> **TASK BRIEF**
After locating the line with "3日目と4日目が週末だったの" in the data that follows, return it and every later line exactly, up to and including the line with "佩戴体验:耳机采用亲肤液态硅胶材质,触感柔软。4 档可调节耳挂,贴合不同耳型,稳固舒适。单耳 10g".

> **PROVIDED MATERIAL**
-- Opening Marker --

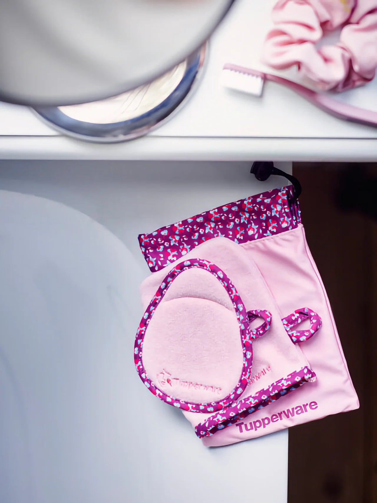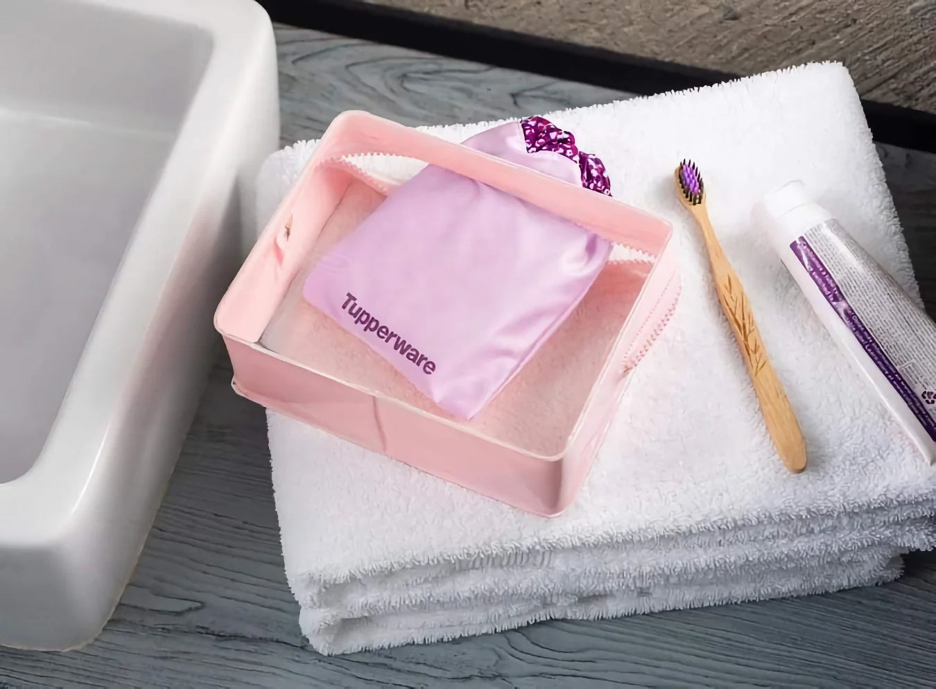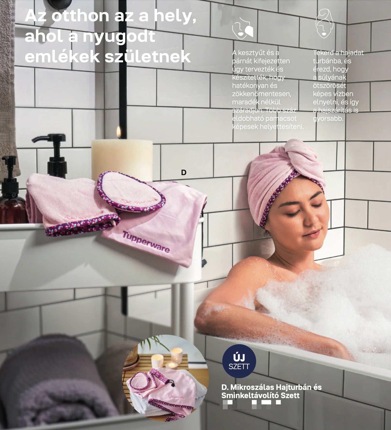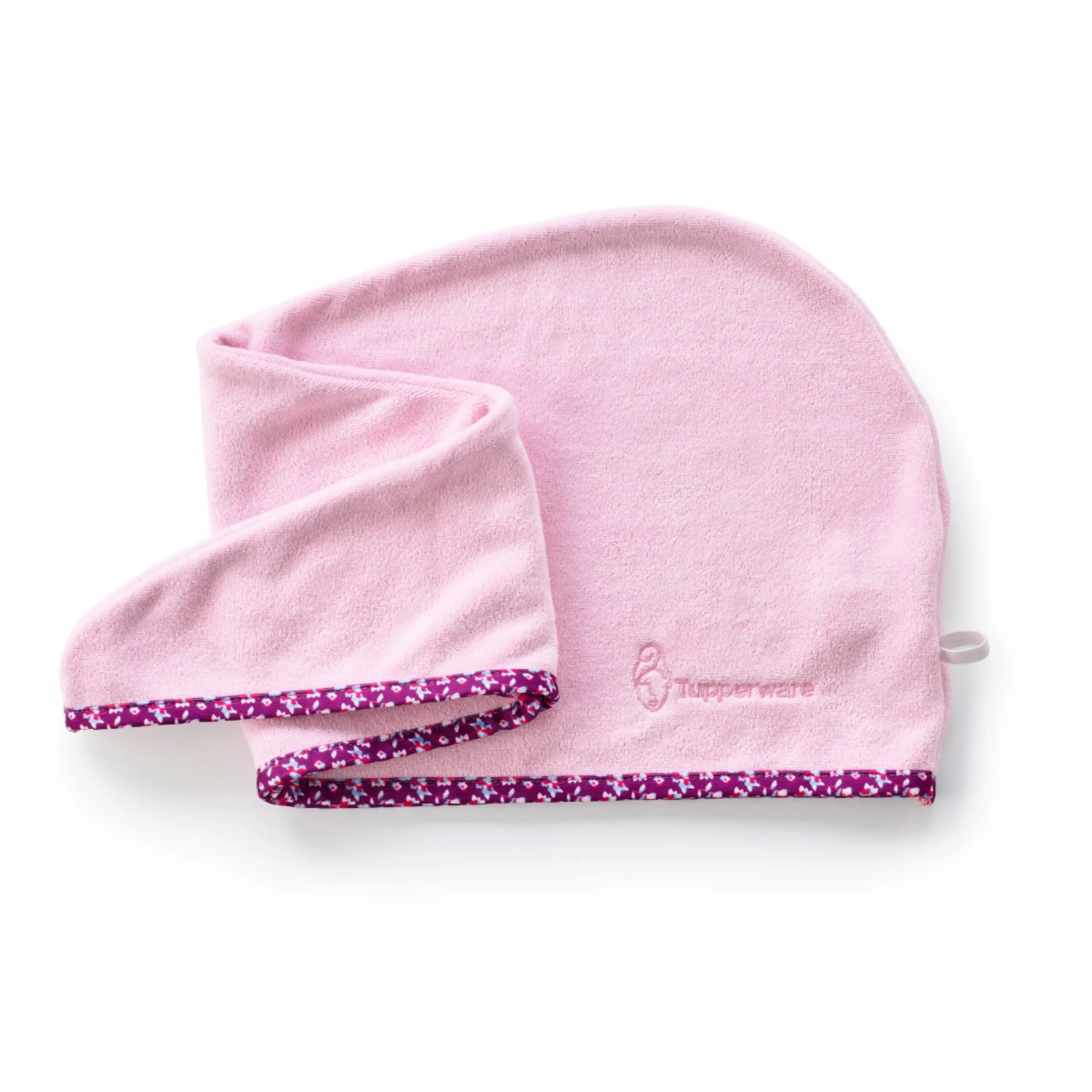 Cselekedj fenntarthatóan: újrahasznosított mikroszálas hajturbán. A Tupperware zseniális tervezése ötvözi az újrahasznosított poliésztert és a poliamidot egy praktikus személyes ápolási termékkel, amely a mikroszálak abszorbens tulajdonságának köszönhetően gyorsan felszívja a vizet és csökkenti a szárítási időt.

-- Closing Marker --
-- Opening Marker --

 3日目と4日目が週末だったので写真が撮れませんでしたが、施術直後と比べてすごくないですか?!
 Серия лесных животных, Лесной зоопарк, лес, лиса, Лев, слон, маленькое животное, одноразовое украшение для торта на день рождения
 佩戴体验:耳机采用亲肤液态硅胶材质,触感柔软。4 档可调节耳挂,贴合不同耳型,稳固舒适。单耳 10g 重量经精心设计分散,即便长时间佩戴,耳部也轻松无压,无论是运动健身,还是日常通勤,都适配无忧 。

-- Closing Marker --
-- Opening Marker --

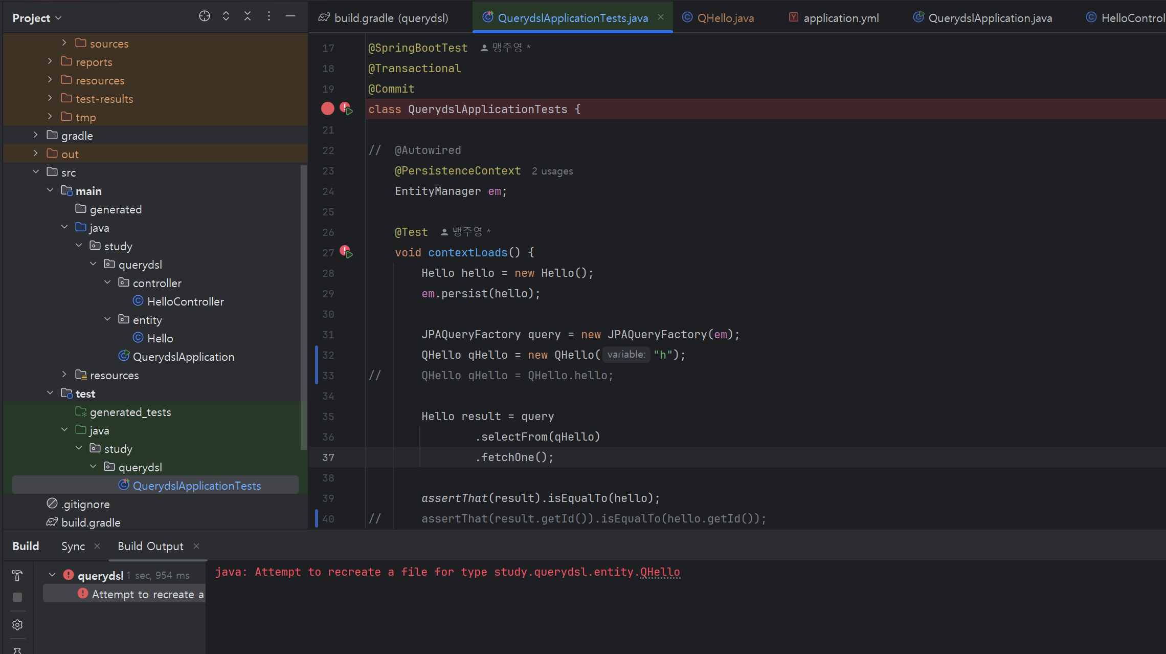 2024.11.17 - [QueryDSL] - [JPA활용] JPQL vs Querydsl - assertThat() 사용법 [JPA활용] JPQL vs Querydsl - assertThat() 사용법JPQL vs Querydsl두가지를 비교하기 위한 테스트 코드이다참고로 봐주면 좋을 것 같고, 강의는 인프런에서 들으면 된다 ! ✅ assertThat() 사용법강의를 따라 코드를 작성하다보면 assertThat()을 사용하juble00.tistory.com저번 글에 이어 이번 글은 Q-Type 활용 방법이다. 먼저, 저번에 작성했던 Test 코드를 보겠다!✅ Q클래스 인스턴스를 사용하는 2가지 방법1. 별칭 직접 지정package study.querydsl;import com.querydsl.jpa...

-- Closing Marker --

> **WRITTEN ANSWER**
 3日目と4日目が週末だったので写真が撮れませんでしたが、施術直後と比べてすごくないですか?!
 Серия лесных животных, Лесной зоопарк, лес, лиса, Лев, слон, маленькое животное, одноразовое украшение для торта на день рождения
 佩戴体验:耳机采用亲肤液态硅胶材质,触感柔软。4 档可调节耳挂,贴合不同耳型,稳固舒适。单耳 10g 重量经精心设计分散,即便长时间佩戴,耳部也轻松无压,无论是运动健身,还是日常通勤,都适配无忧 。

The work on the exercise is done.